Requirement:
None of the images should appear in your copy. Transcribe the data in full.

Data section:
++++

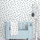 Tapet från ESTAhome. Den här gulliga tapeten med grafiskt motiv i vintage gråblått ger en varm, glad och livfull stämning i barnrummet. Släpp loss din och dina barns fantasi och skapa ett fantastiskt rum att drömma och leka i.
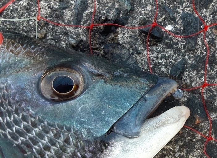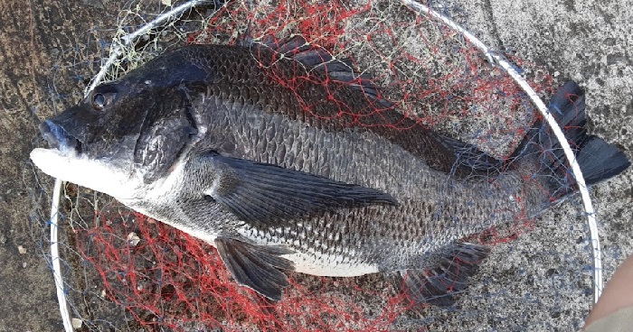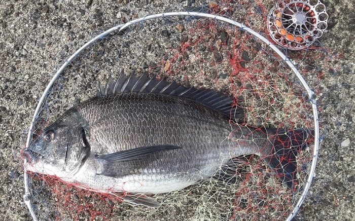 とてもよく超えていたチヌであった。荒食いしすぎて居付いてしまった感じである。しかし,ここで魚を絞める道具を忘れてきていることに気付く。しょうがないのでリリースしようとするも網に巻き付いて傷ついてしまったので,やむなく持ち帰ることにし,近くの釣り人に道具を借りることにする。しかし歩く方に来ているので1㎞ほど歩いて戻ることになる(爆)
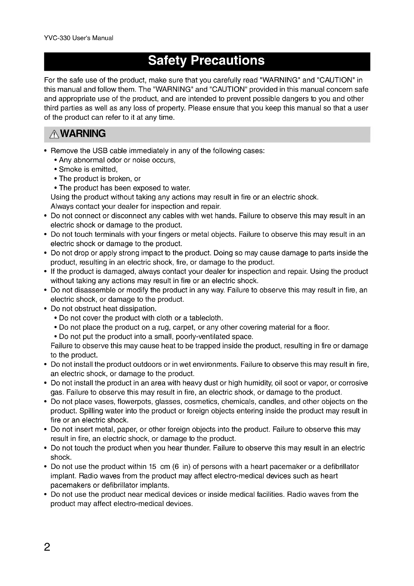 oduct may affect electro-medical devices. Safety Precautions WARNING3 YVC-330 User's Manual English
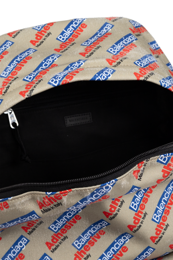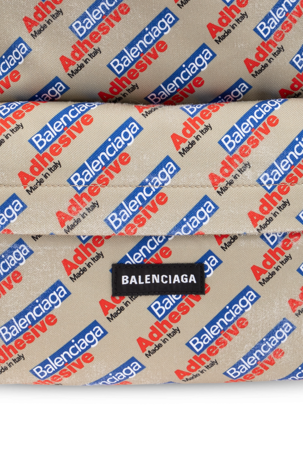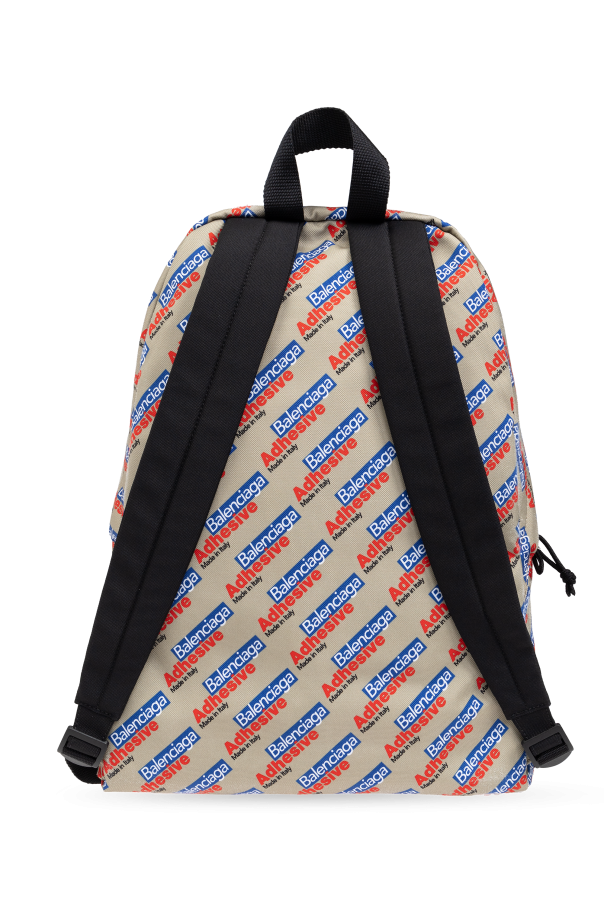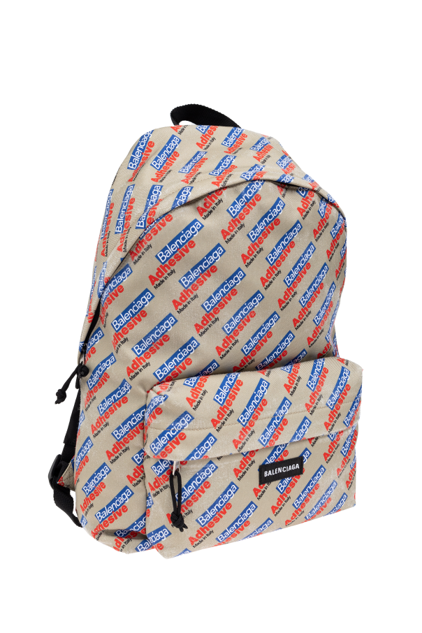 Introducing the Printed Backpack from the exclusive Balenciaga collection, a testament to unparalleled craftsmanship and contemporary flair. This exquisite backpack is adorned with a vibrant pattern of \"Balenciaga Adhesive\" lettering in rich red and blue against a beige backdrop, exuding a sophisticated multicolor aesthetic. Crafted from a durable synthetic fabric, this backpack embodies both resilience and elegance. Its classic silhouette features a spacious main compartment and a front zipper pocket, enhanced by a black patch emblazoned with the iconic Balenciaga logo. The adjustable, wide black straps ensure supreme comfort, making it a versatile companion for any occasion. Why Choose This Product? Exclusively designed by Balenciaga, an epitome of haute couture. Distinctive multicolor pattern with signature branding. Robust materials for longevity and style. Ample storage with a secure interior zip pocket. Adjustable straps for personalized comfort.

++++

Finished exercise:
 Tapet från ESTAhome. Den här gulliga tapeten med grafiskt motiv i vintage gråblått ger en varm, glad och livfull stämning i barnrummet. Släpp loss din och dina barns fantasi och skapa ett fantastiskt rum att drömma och leka i.
 とてもよく超えていたチヌであった。荒食いしすぎて居付いてしまった感じである。しかし,ここで魚を絞める道具を忘れてきていることに気付く。しょうがないのでリリースしようとするも網に巻き付いて傷ついてしまったので,やむなく持ち帰ることにし,近くの釣り人に道具を借りることにする。しかし歩く方に来ているので1㎞ほど歩いて戻ることになる(爆)
 oduct may affect electro-medical devices. Safety Precautions WARNING3 YVC-330 User's Manual English
 Introducing the Printed Backpack from the exclusive Balenciaga collection, a testament to unparalleled craftsmanship and contemporary flair. This exquisite backpack is adorned with a vibrant pattern of \"Balenciaga Adhesive\" lettering in rich red and blue against a beige backdrop, exuding a sophisticated multicolor aesthetic. Crafted from a durable synthetic fabric, this backpack embodies both resilience and elegance. Its classic silhouette features a spacious main compartment and a front zipper pocket, enhanced by a black patch emblazoned with the iconic Balenciaga logo. The adjustable, wide black straps ensure supreme comfort, making it a versatile companion for any occasion. Why Choose This Product? Exclusively designed by Balenciaga, an epitome of haute couture. Distinctive multicolor pattern with signature branding. Robust materials for longevity and style. Ample storage with a secure interior zip pocket. Adjustable straps for personalized comfort.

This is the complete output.